● **Exercise description**: Required from the data below: the exact lines starting at the line containing "Westins Grate Steps" and ending at the line containing "Starter Project를 실행합니다.", with both ends kept and all pictures dropped.

● **Provided records**:
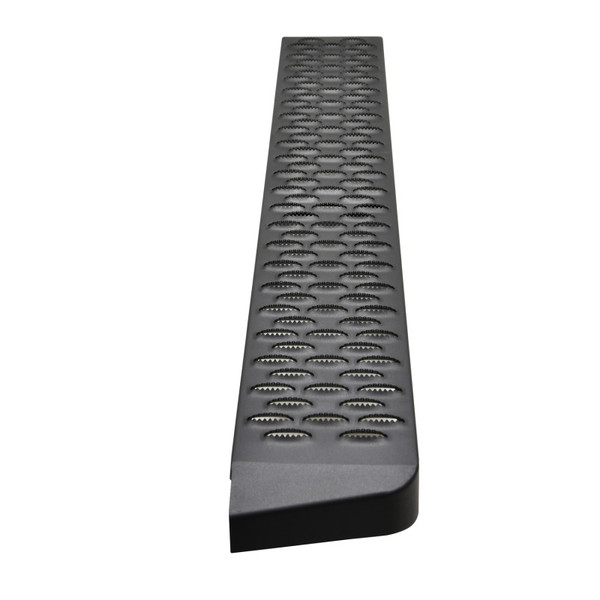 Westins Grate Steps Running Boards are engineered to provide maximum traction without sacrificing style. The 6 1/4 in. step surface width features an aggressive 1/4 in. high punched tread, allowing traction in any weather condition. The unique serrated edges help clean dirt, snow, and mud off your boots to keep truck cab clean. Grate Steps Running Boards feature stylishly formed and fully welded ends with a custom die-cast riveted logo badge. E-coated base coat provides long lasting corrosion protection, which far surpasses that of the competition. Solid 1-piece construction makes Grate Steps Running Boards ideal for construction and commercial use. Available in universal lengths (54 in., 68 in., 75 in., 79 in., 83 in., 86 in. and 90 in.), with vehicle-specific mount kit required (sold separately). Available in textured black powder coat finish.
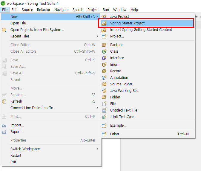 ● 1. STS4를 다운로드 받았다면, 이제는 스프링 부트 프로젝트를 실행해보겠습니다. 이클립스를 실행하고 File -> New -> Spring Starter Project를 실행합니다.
==
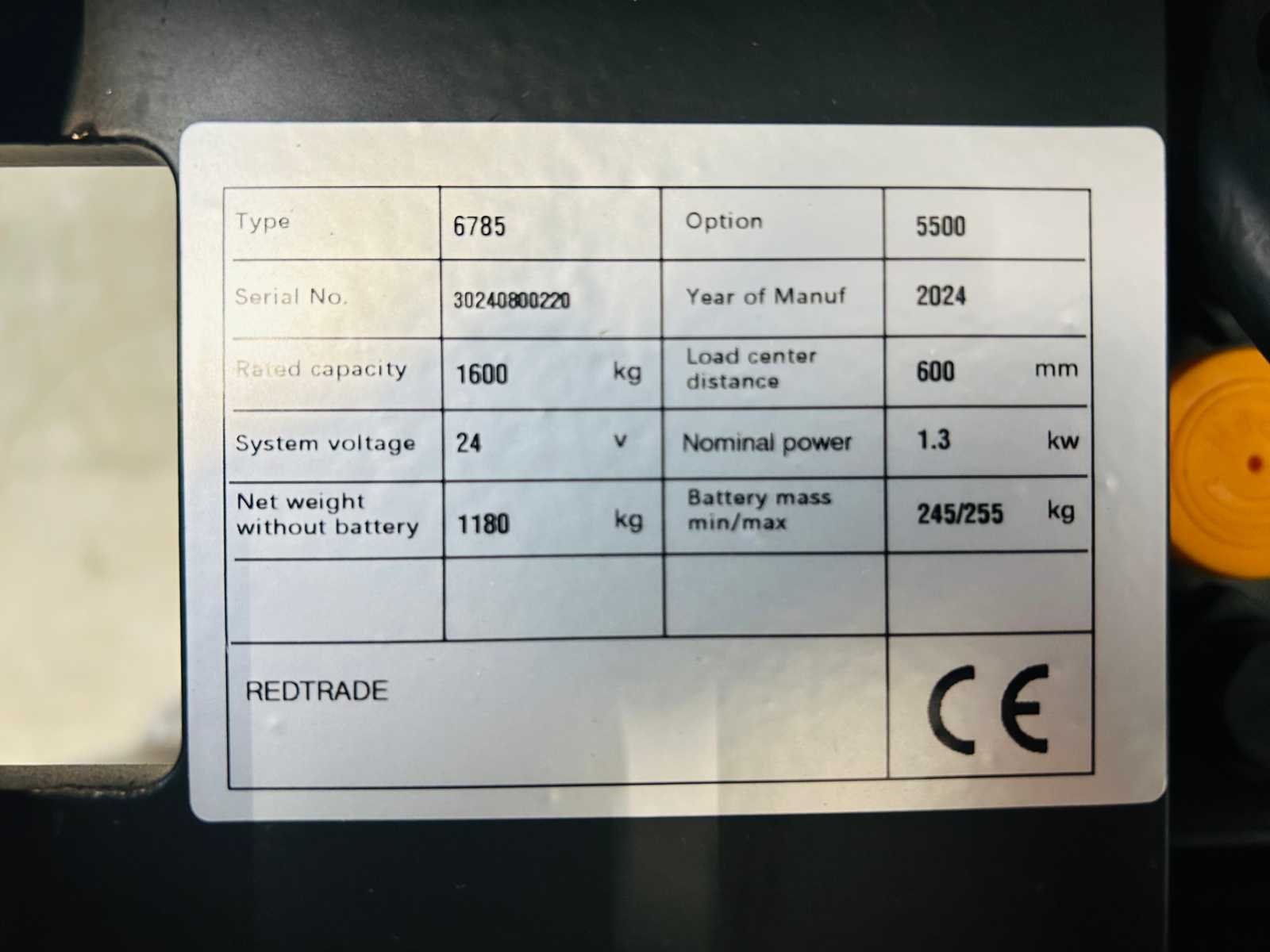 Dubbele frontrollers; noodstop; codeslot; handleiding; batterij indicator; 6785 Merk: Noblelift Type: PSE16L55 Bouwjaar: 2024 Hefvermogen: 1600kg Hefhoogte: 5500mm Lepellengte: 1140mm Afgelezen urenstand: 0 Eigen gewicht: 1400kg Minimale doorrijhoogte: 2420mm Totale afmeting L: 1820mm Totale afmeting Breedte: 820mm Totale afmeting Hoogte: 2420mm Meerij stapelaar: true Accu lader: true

● **Exercise response**:
 Westins Grate Steps Running Boards are engineered to provide maximum traction without sacrificing style. The 6 1/4 in. step surface width features an aggressive 1/4 in. high punched tread, allowing traction in any weather condition. The unique serrated edges help clean dirt, snow, and mud off your boots to keep truck cab clean. Grate Steps Running Boards feature stylishly formed and fully welded ends with a custom die-cast riveted logo badge. E-coated base coat provides long lasting corrosion protection, which far surpasses that of the competition. Solid 1-piece construction makes Grate Steps Running Boards ideal for construction and commercial use. Available in universal lengths (54 in., 68 in., 75 in., 79 in., 83 in., 86 in. and 90 in.), with vehicle-specific mount kit required (sold separately). Available in textured black powder coat finish.
 ● 1. STS4를 다운로드 받았다면, 이제는 스프링 부트 프로젝트를 실행해보겠습니다. 이클립스를 실행하고 File -> New -> Spring Starter Project를 실행합니다.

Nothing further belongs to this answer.